Mortgage Rates at a Standstill, but not for Long

Interest Rates

Mortgage rates had their single flattest day since October 2nd today.  This is the polar opposite of last week’s exceptional volatility.  The most interesting thing about it is that this is the way rates typically respond to that kind of rapid movement.  It goes something like this: one day, in particular, sticks out as utterly insane and the ensuing days get less and less insane until the insanity completely dries up.

Last Wednesday was ground zero for insanity, and today there’s none to be found.

The second most interesting thing about that is that it usually results in the resumption of movement after days like today.  History suggests that movement can be in either direction.  That’s good news for risk-takers inclined to float as it would minimize the losses incurred if markets move against you.  It’s worth mentioning though that rates are so close to 16-month lows that there’s absolutely no reason to regret locking today, or any time in the past 7 days.  Depending on how tomorrow turns out, it might even be the best choice.

The most prevalently-quoted conforming 30yr fixed rates continue to be 3.875% and 4.0%.  Borrowers at aggressively-priced lenders with flawless scenarios and 25% equity are much more likely to see 3.875%.  Even if you’re being quoted 4.0%, the costs associated with buying down your rate to 3.875% (or even 3.75%) are much lower than those associated with moving down from 4.125 to 4.0%.  In other words, when the average rate was 4.125%, it made less sense to consider paying points for a lower rate because it would have taken longer to break even on the additional cost–roughly 8-10 years.  The breakeven time frame for moving from 4.0 to 3.875% is only about 5 years for most lenders.

Loan Originator Perspective

“Rates continue to trade sideways. Any sell off is met with buyers and
any rally is met with sellers. The rates market continues to look for
direction; however, the overall trend still favors lower rates to come.
I continue to favor floating loans til within 15 days of funding. ” Victor Burek, Open Mortgage

“Borrowers with some risk tolerance and longer time horizons would still be well within the scope of sanity to float.  It’s important
to note that shorter lock terms, by definition, have better
pricing…..a 15 day lock will be priced better than a 30 day for almost
every lender. One advantage of NOT locking over 30 days from closing
is that even if rates remain the same, you gain some pricing with the
shorter lock term. As always, if you’re stressing over rates, losing
sleep, or yelling at the dog for no reason, you could do much worse than
locking now. ” –Ted Rood, Senior Mortgage Originator

“Another sideways/quiet/boring day for interest rates. This is actually
an amazing time as any form of volatility causes concern. The ideal
situation is for rates to move lower but if the worst case scenario is
we stay flat at these levels, I’m a happy camper. I still think we move
lower, only locking loans cleared to close. ” –Constantine Floropoulos, Quontic Bank

“A week that has thus far shown very little change continues. One thing
we know is that this is not likely to continue indefinitely so if your
closing is within 15 days and you like the pricing you have now I don’t
see any sense in waiting anymore to lock your rate. Beyond 15 days,
floating seems like it’s okay for now but stay connected to your loan
officer who is hopefully paying close attention to markets.” –Hugh W. Page, Mortgage Banker, Seacoast National Bank

“Rates remained flat again today. Mortgage bonds were unable to move
higher as stocks sold off today. This sideways pattern will not last
for long and rates will break to the upside or possibly decline. It is
time to take risk off the table and lock in. Should rates decline you
can always renegotiate the rate.

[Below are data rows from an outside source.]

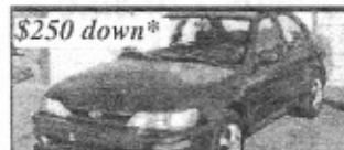
$250 down* Corolla, Gas Saver, 5sp, AC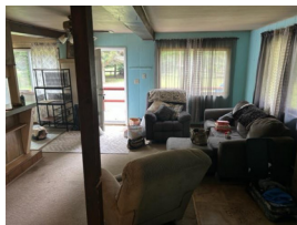
View of living room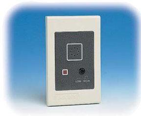
Duty Tone Station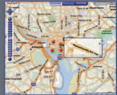
Sample Controls, Magnify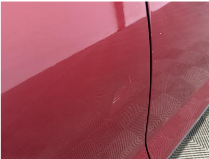
11: Door osr Dented With Paint Damage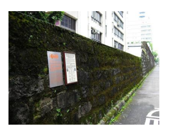
New Taipei City Gov't historical plaque installed on Tainei Prison Wall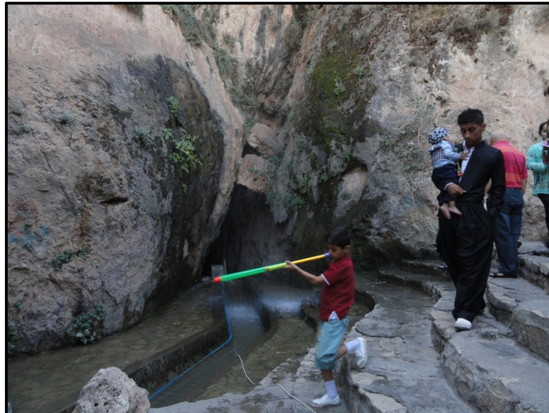
Fig.7: Jundiyan spring. Note the outlet of the cave through which the water flows out of the karst cave within the constructed concrete ditch.

Only small bungalows are available to the tourists as a rest sites, others sell daily requirements and food to the tourists. It can be reached through a paved road.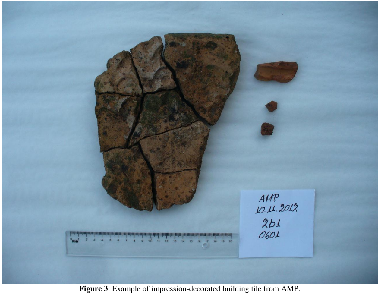
Figure 3. Example of impression-decorated building tile from AMP.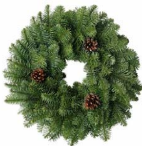
16" wreath of noble fir and pinecones $18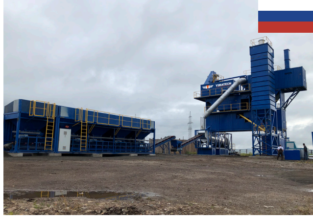
▲ CSM80 Russia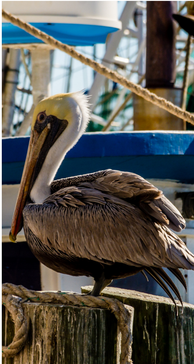
brown pelican in Mississippi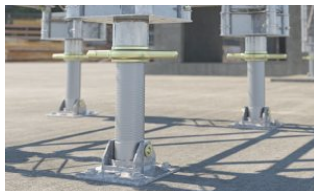
RMD Kwikform introduces new lightweight propping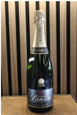
256. M - LANSON BLACK LABEL CHAMPAGNE 750ML RRP £42 ( P23208607 / C )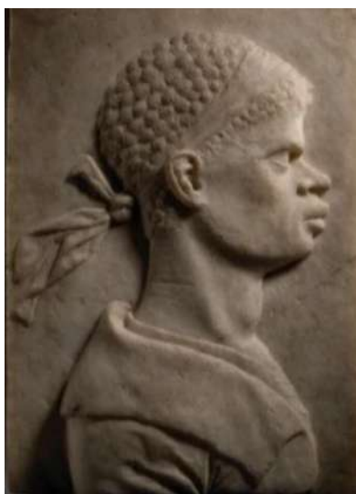
White Marble Head of an African Noble Man North-Italy (possibly also Florence), circa 1500-1520 47 cm (18½ in.) high 33 cm (13 in.) wide Desmet Fine Art, Belgium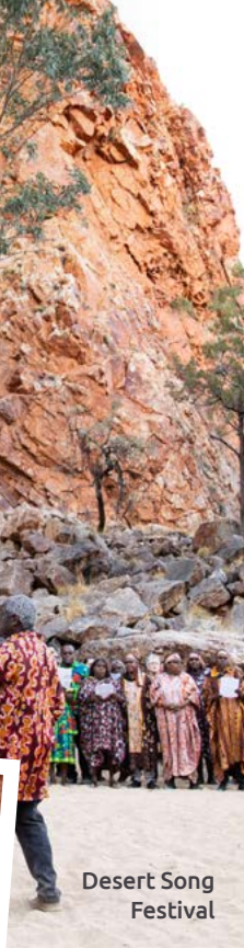
Desert Song Festival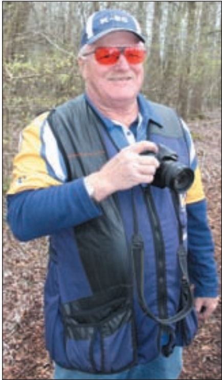
Moore enjoys shooting sporting clays and spending time outdoors when he isn't working 70-hour weeks.

DM: I knew straight away, after working on my first hot water heating system, that I wanted to work on and specialize in hydronic systems. I attended an I=B=R seminar back in the 1980s and it just clicked for me. From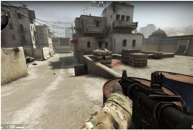
Fig. 1.1 Counter Strike- Global Offensive (Game Scene)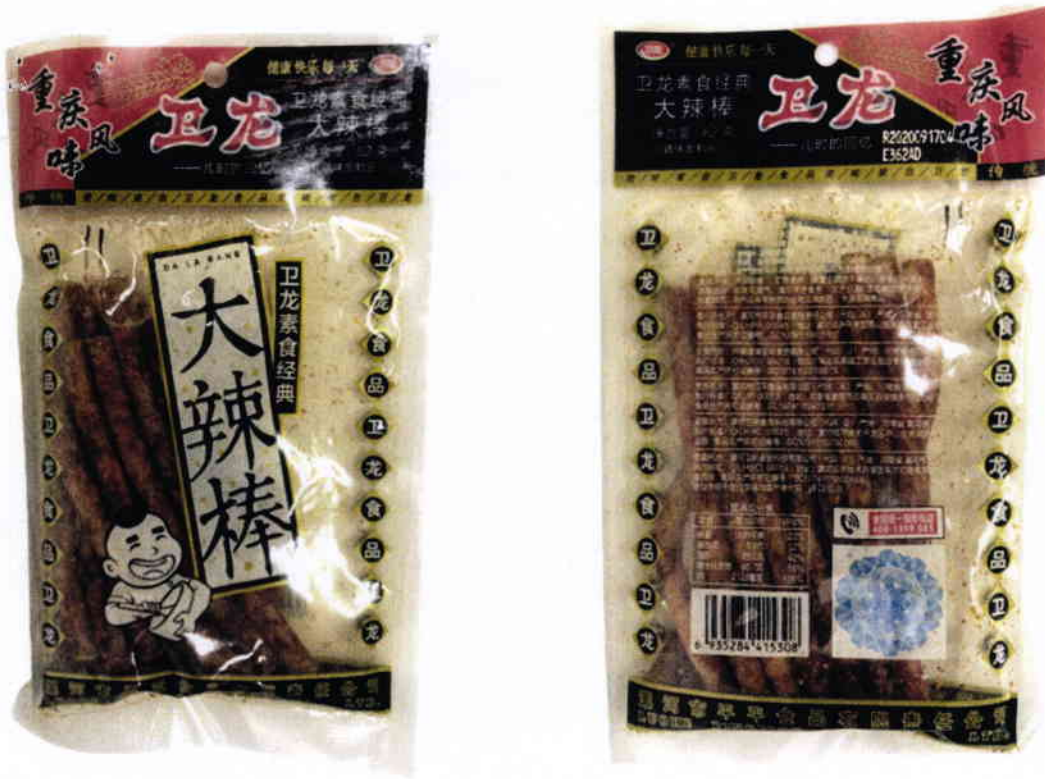
Figure 4. Unregistered DA LA BANG Stick-Like Food Product with Red, Black and Transparent Packaging (In Foreign Language)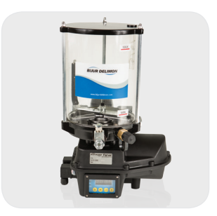
MultiPort II Lubricator

The MultiPort II Lubricator is an electrically driven multiple outlet lubrication unit designed primarily for use with progressive divider valve systems to accurately control the amount of grease and to monitor system performance via an integral controller.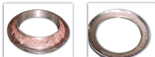
Circulating Water Pump bearing/race as found after APR notification of abnormal conditions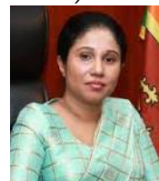
HON. SEETHA ARAMBEPOLA Minister for Health (Sri Lanka)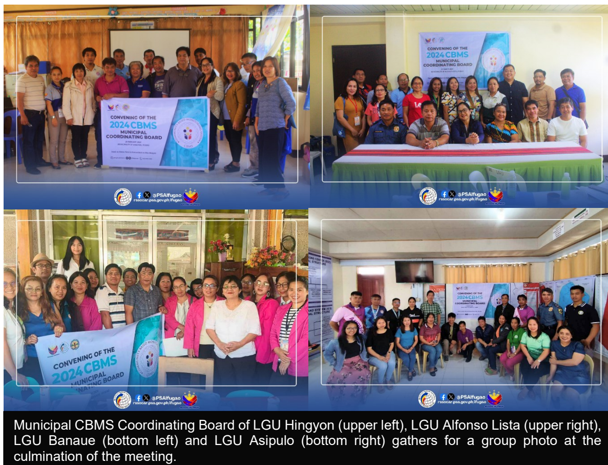
Municipal CBMS Coordinating Board of LGU Hingyon (upper left), LGU Alfonso Lista (upper right), LGU Banaue (bottom left) and LGU Asipulo (bottom right) gathers for a group photo at the culmination of the meeting.

Key presentations during the convenings elucidated the objectives, scope, and coverage of the 2024 CBMS initiative. Participants gained insights into the overarching framework of CBMS and the roles and responsibilities delineated for CCB members. Moreover, discussions delved into potential avenues for collaboration and support to optimize CBMS operations.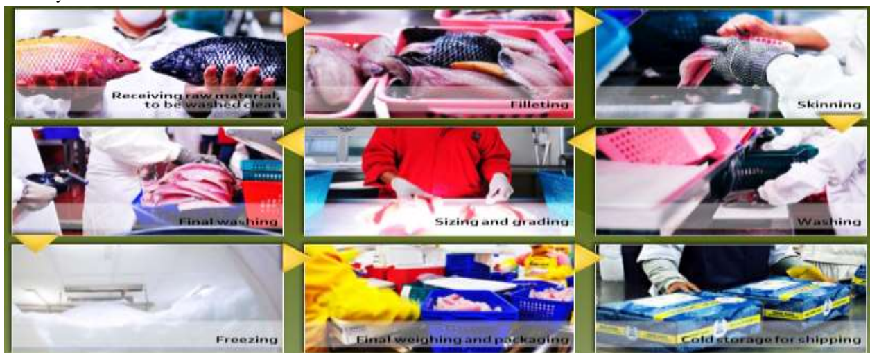
Figure 5. Flow of Fillet Fish processing

One of the freshwater fish fillet companies is PT. Aqua Farm Nusantara. Fish fillets will be exported to the United States and Europe.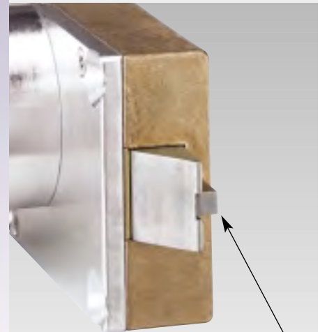
View of 9017/9025 showing auxiliary latch (deadlock trigger).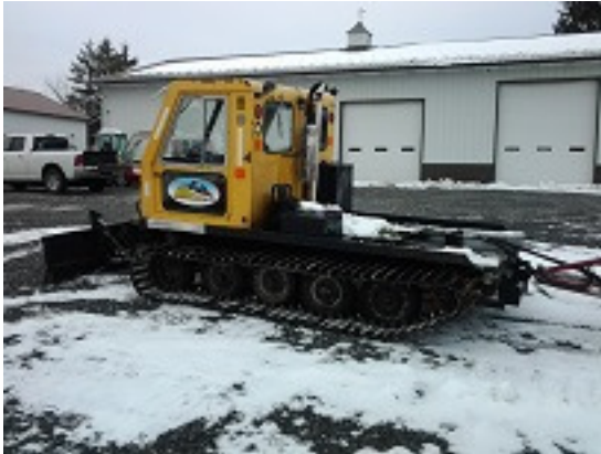
Bombardier Ski Dozer.

no frost in the ground to hold the snow longer before it all melted away. If only we were able to hold that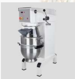
Pizza version, white, powder coated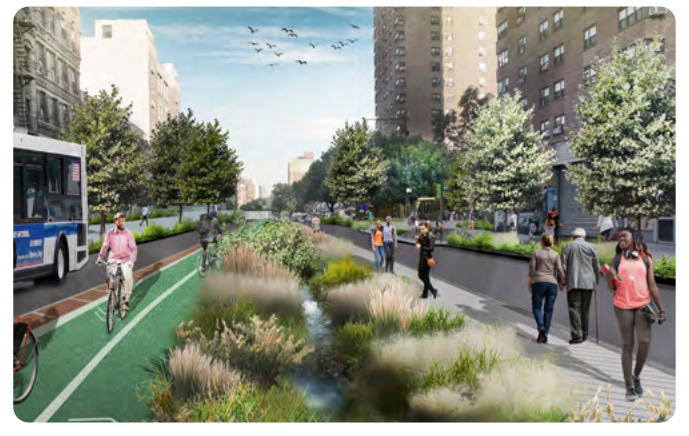
One of the team's proposed pilot projects to combat the bathtub effect in East Harlem was an integrated stormwater management/green infrastructure project along 106th Street paired with a reconfiguration of the right-of-way to better accommodate pedestrians, cyclists, and buses.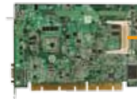
CF type I/II Solder Side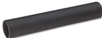
Extra Heavy Black Tubing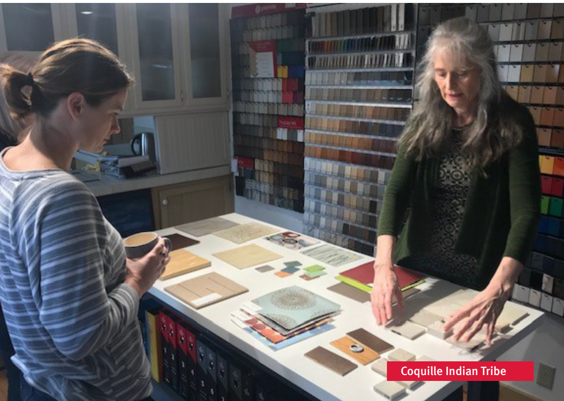
Coquille Indian Tribe

Should they increase you are
protected. ” –Manny Gomes, Branch Manager Norcom Mortgage

 

Today’s Best-Execution Rates

  • 30YR FIXED – 3.875-4.0
  • FHA/VA – 3.5
  • 15 YEAR FIXED –  3.125
  • 5 YEAR ARMS –  3.0 – 3.50% depending on the lender

Ongoing Lock/Float Considerations

  • The hallmark of 2014 has been a narrow range in rates.  Too many market participants bet on rates going higher in 2014, and markets punished that imbalance with a paradoxical move lower.

  • European markets helped that process along and continue to play a prominent role in keeping US rates lower than they otherwise might be.  
  • For most of the Summer and early Fall months, rates held a narrow range of 4.125% -4.25% (essentially where the 2014 rate recovery has bottomed out) and finally broke to a 3.875%-4.0% range in mid-October.  It’s too soon to tell if this is a brief window of opportunity or the continuation of 2014’s very gradual improvements.

  • As always, please keep in mind that the rates discussed generally refer to what we’ve termedbest-execution(that is, the most frequently quoted, conforming, 30yr fixed rate for top tier borrowers, based not only on the outright price, but also ‘bang-for-the-buck.’  Generally speaking, our best-execution rate tends to connote no origination or discount points–though this can vary–and tends to predict Freddie Mac’s weekly survey with high accuracy.  It’s safe to assume that our best-ex rate is the more timely and accurate of the two due to Freddie’s once-a-week polling method).